*** Block opens ***
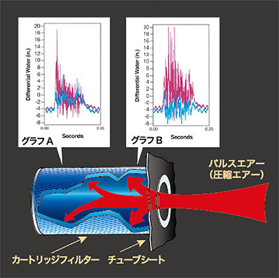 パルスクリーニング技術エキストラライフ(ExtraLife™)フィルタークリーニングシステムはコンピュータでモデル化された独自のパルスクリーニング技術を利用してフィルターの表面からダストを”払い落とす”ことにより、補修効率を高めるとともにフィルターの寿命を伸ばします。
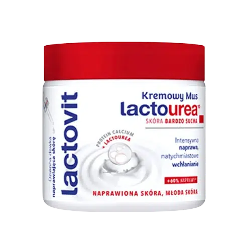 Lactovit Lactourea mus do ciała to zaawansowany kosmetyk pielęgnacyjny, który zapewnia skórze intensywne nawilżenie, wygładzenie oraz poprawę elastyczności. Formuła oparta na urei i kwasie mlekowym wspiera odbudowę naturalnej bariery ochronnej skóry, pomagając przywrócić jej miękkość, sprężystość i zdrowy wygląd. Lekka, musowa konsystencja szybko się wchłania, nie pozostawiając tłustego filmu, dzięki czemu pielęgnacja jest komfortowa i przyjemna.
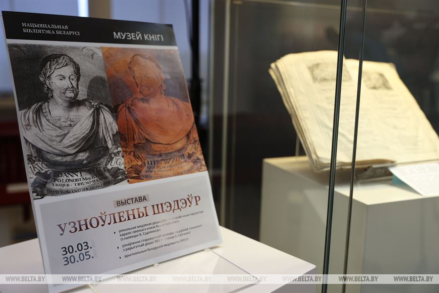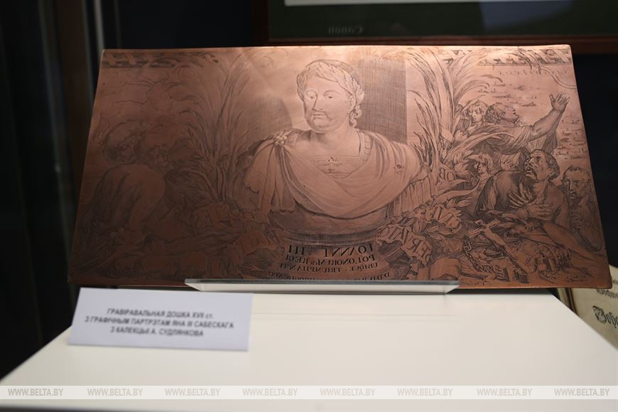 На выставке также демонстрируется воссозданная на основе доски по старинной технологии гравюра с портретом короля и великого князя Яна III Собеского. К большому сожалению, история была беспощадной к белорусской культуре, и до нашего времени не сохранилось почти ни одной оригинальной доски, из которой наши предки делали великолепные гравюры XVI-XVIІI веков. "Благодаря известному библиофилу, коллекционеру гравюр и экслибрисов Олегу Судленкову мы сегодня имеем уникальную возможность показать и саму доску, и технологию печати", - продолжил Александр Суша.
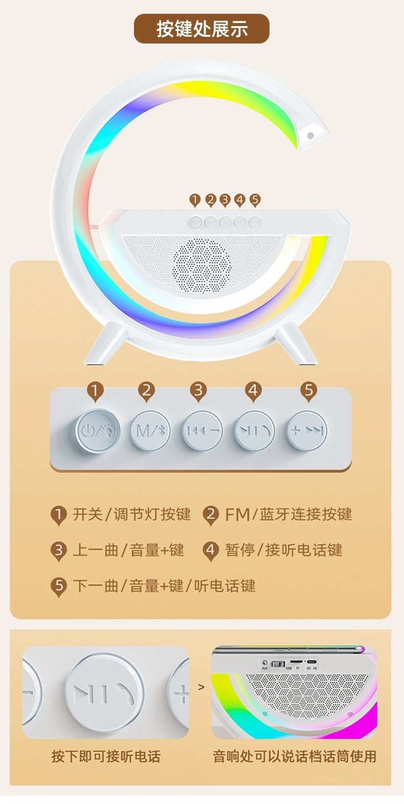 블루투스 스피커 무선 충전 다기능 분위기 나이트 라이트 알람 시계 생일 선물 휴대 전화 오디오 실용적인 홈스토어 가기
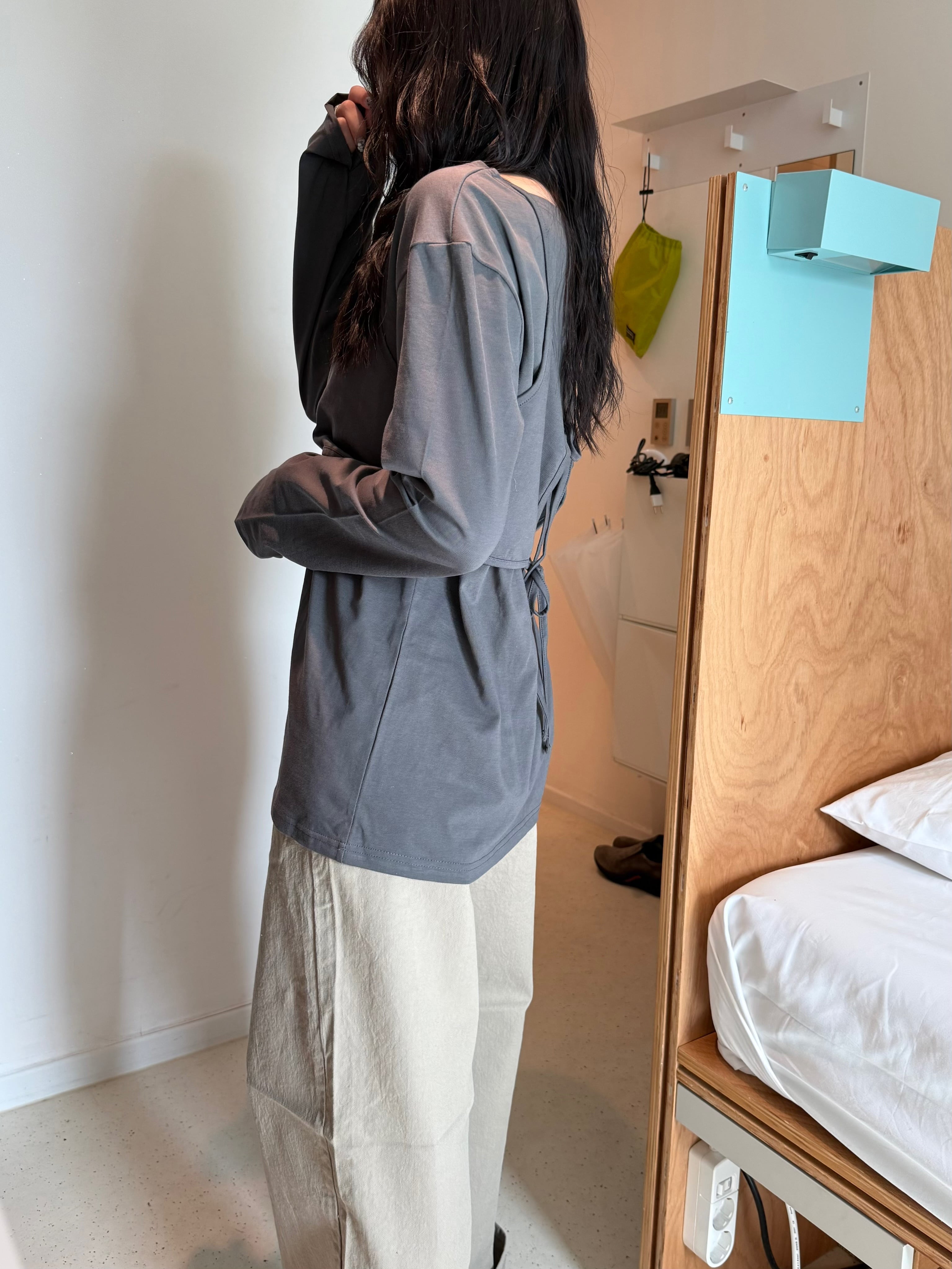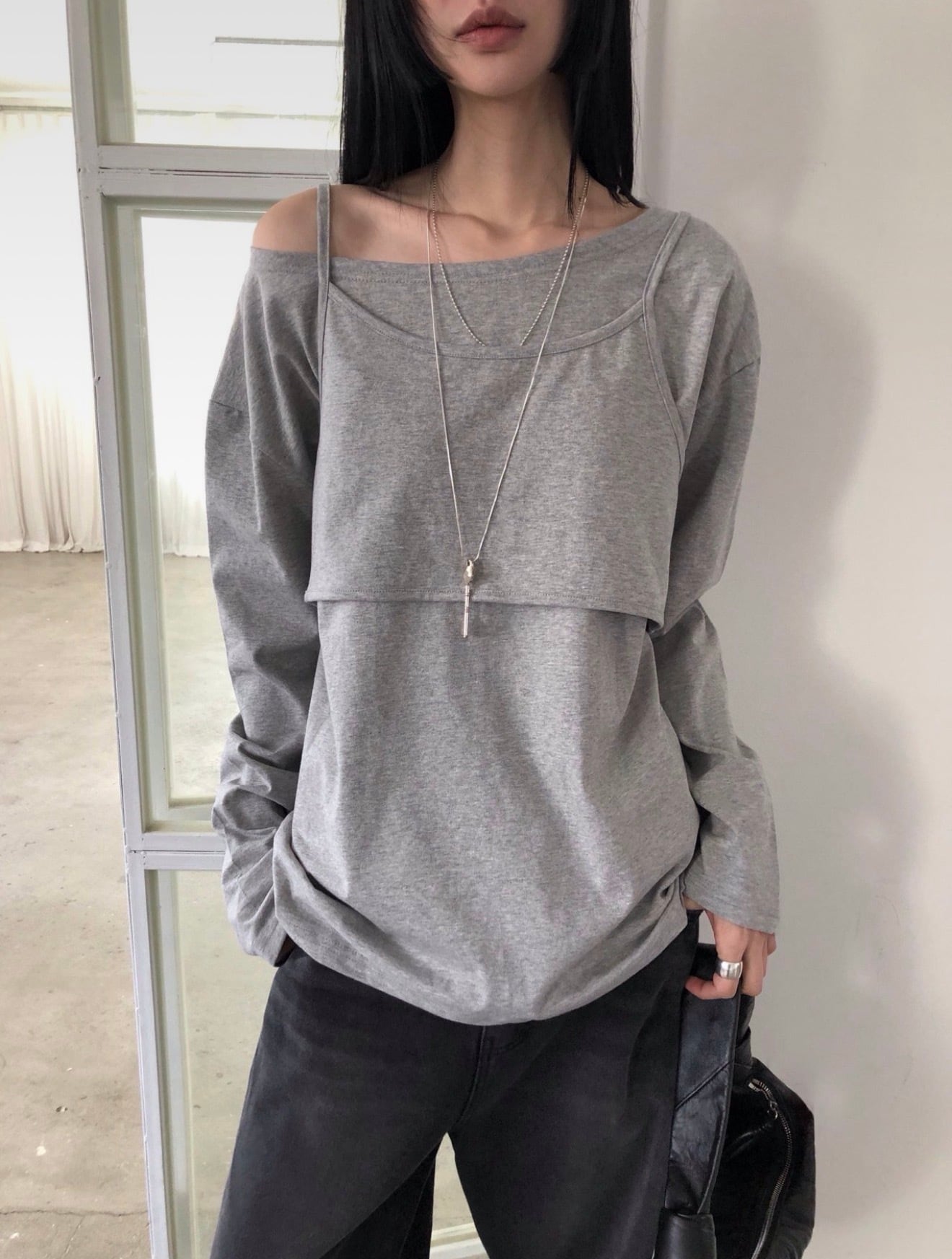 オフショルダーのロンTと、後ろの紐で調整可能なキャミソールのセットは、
*** Block closes ***
*** Block opens ***
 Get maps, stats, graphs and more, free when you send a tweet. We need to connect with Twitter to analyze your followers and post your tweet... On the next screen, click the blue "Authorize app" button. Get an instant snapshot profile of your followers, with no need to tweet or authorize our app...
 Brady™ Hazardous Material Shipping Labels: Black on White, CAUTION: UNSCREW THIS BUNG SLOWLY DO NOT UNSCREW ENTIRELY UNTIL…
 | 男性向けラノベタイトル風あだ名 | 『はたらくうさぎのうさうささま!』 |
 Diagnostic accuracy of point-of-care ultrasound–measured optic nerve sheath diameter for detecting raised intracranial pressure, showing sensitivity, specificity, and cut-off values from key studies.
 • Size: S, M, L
*** Block closes ***
• _TASK TO CARRY OUT_
In the listing above, find the line with "Diagnostic accuracy of" and the line with "Size: S, M, L". Output those two lines and every line between them, exactly as written.

• _OUTPUT BELOW_
 Diagnostic accuracy of point-of-care ultrasound–measured optic nerve sheath diameter for detecting raised intracranial pressure, showing sensitivity, specificity, and cut-off values from key studies.
 • Size: S, M, L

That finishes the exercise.